Benming “Benny” Zhang ’16, J.D. ’20 kept the picture close by during his senior year as he researched the life of Arthur A. Matsu ’27, a star quarterback and football team captain who was the first American citizen of Asian heritage known to attend William & Mary. A self-designed Asian American studies major, Zhang was writing his senior thesis on Matsu at the same time he was working toward breaking a barrier of his own — becoming the youngest and first Asian American person elected to Williamsburg City Council.
Questions circled in his mind: What was Art Matsu thinking at the time this photo was taken? Did he feel like he belonged at William & Mary? How did people react to his blended Japanese and Scottish ethnicity? Where did he live? How was he treated when he went out into the community?
These are some of the strands being explored about Matsu and other alumni as William & Mary commemorates its Asian Centennial. While recognizing the accomplishments of Asian and Asian American students at the university over the past 100 years, the commemoration also seeks to probe the social and historical context of their experiences.
The milestone provides an opportunity to contemplate the ways in which students of Asian heritage have enriched the culture of the university and how to expand on the advances that have been made thus far.

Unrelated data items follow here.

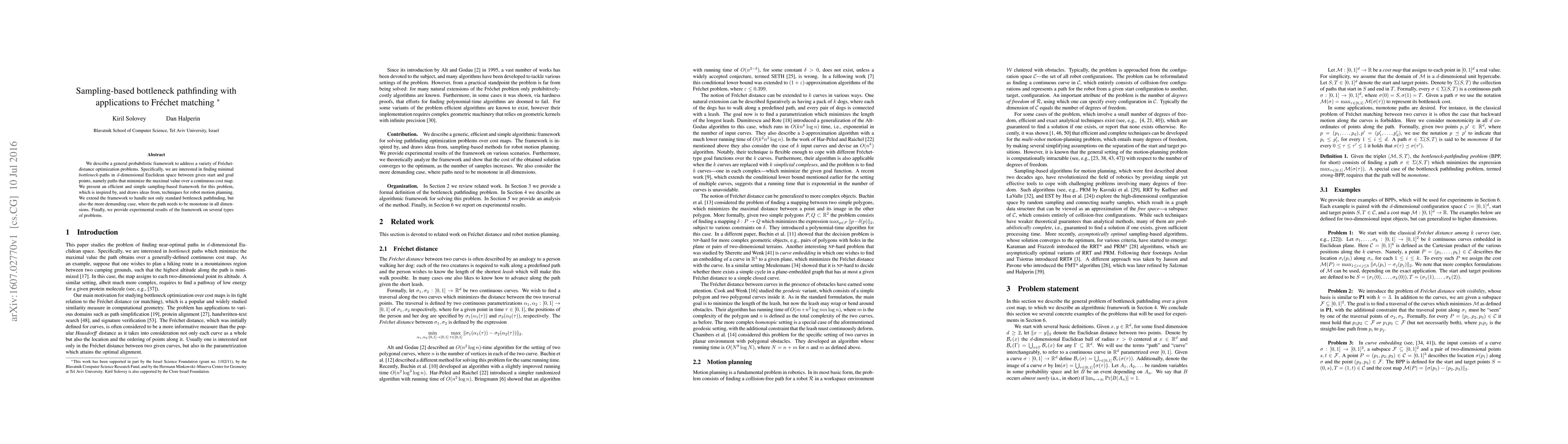 Researchers developed a probabilistic framework to find minimal bottleneck paths in Euclidean space between two points, applicable to Frechet matching problems, with efficient sampling-based methods for both standard and monotone pathfinding cases.
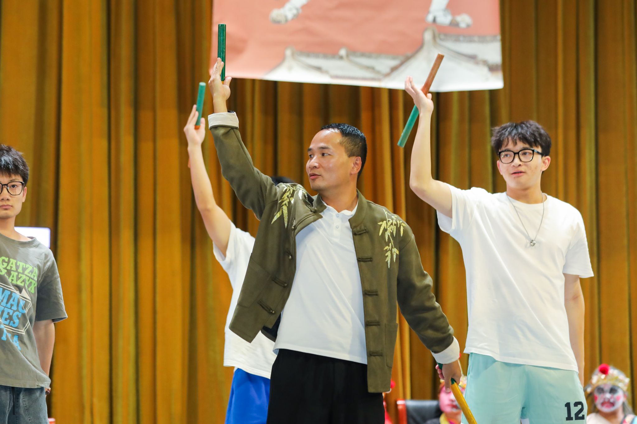 体验教学环节,英歌队员们与同学们热情互动,特别是文化传媒相关专业的同学有意向以英歌为主题开办毕业展,对此,英歌队队员表示十分高兴,并鼓励同学们创作数量更多、形式更丰富的英歌文创产品。
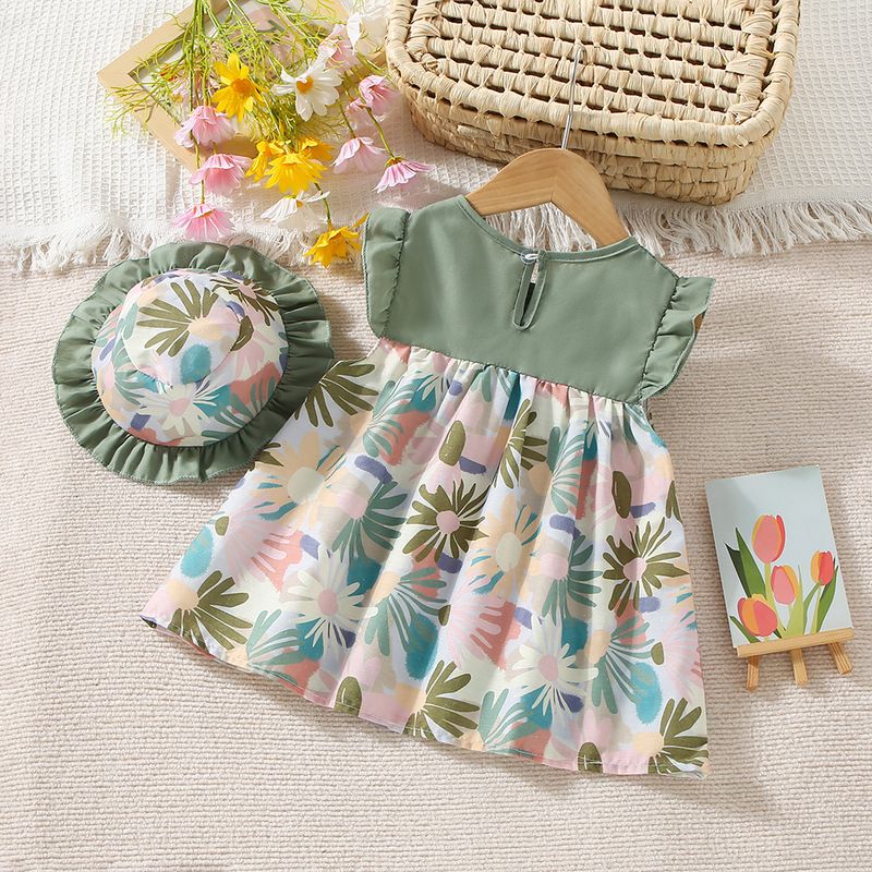 New Summer Baby Girl Floral Dress Girl Sleeveless Pure Cotton Newborn Birthday Dress Comes with Sun Hat
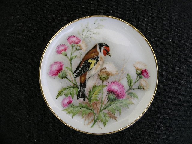 Porcelanowy spodek-talerzyk, sygnowany jakością niemieckiej manufaktury Kaiser. Piękna, żywo-barwna malatura ptasio-łąkowa :) Rant złocony. Porcelana szlachetna, biała. Użytkowy. 10 x 1 cm. Stan zachowania bardzo dobry.
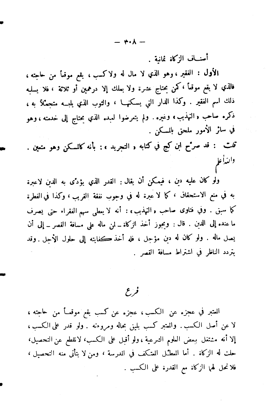 الْأَوَّلُ: الْفَقِيرُ، وَهُوَ الَّذِي لَا مَالَ لَهُ وَلَا كَسْبَ، يَقَعُ مَوْقِعًا مِنْ حَاجَتِهِ، فَالَّذِي لَا يَقَعُ مَوْقِعًا، كَمَنْ يَحْتَاجُ عَشَرَةً وَلَا يَمْلِكُ إِلَّا دِرْهَمَيْنِ أَوْ ثَلَاثَةً، فَلَا يَسْلُبُهُ ذَلِكَ اسْمَ الْفَقِيرِ.
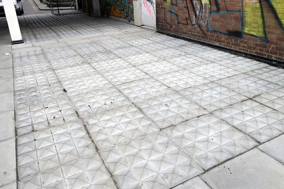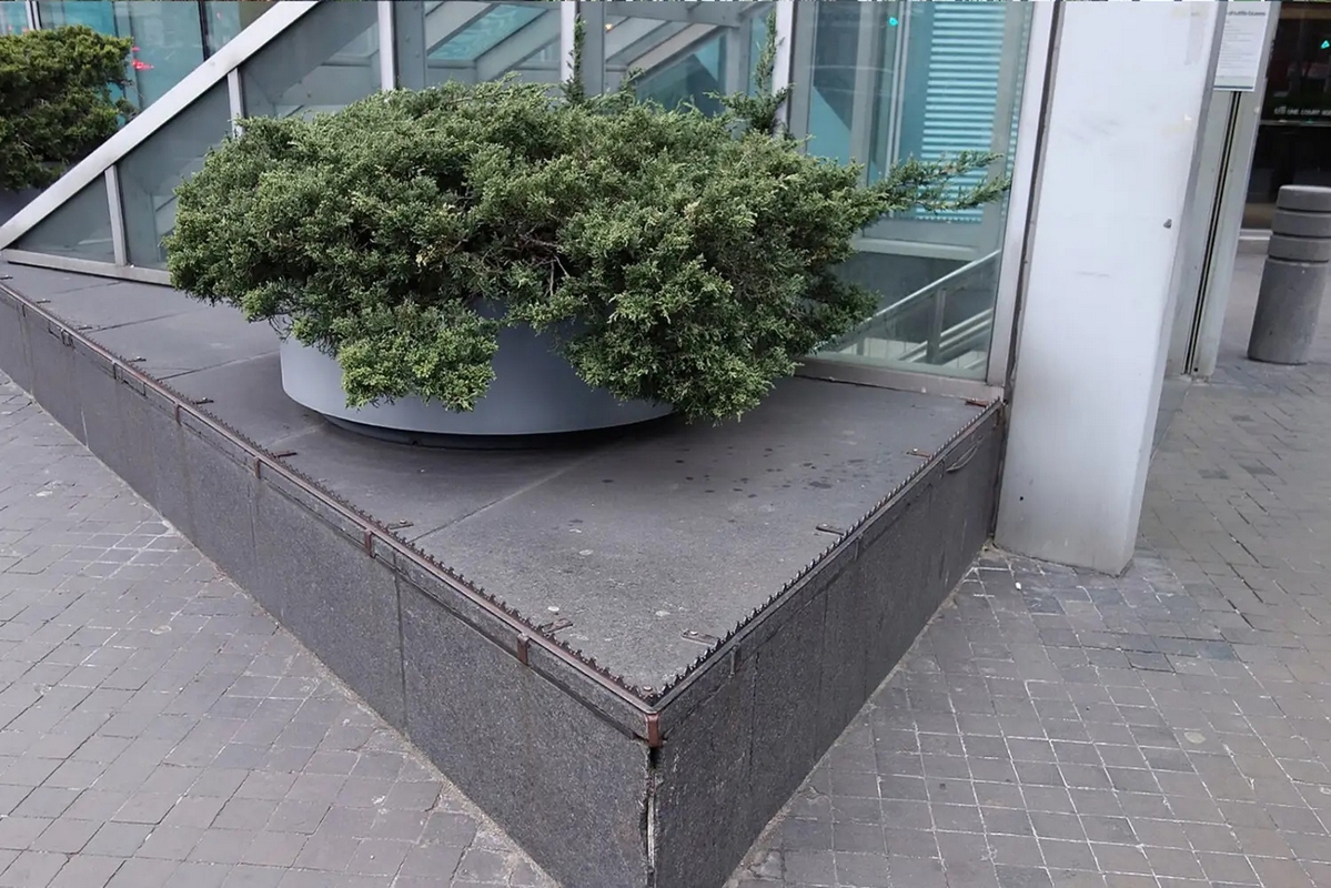 Pointes de sol à Shoreditch, Londres, conçues pour empêcher les sans-abris de dormir à même le sol. – Source : The Neighborhood Design Center

“People’s ideation, imagination and creativity should be informed by diversity,” says Asian Centennial co-chair Francis Tanglao Aguas, a professor of theater and Asian & Pacific Islander American (APIA) studies. “This is a commemoration of opening doors to more diversity.”
President Katherine Rowe established a committee in February to create programming and initiatives tied to the anniversary of when Pu-Kao Chen 1923 (also known as Chen Pu-Kao) — a Chinese citizen who was the first Asian student and first known person of color to attend William & Mary — arrived on campus in 1921. Along with Tanglao Aguas, the centennial is co-chaired by Deenesh Sohoni, a sociology professor and director of the APIA program, with guidance from honorary chair Michael Tang ’76, P ’13. The 20-member committee includes Board of Visitors member Mirza Baig P ’22 and representatives from schools and departments throughout the university. Zhang is one of the younger members of the committee, along with Isabella DiFulvio ’23, co-director of the Asian American Student Initiative, an organization dedicated to Asian American awareness, activism and solidarity with marginalized communities.
“We are hoping for the Asian Centennial to be a platform for William & Mary to become the leader in expanding academic programs and research that promote inclusion of Asian American, Pacific Islander and Southwest Asian students and communities,” Tanglao Aguas says.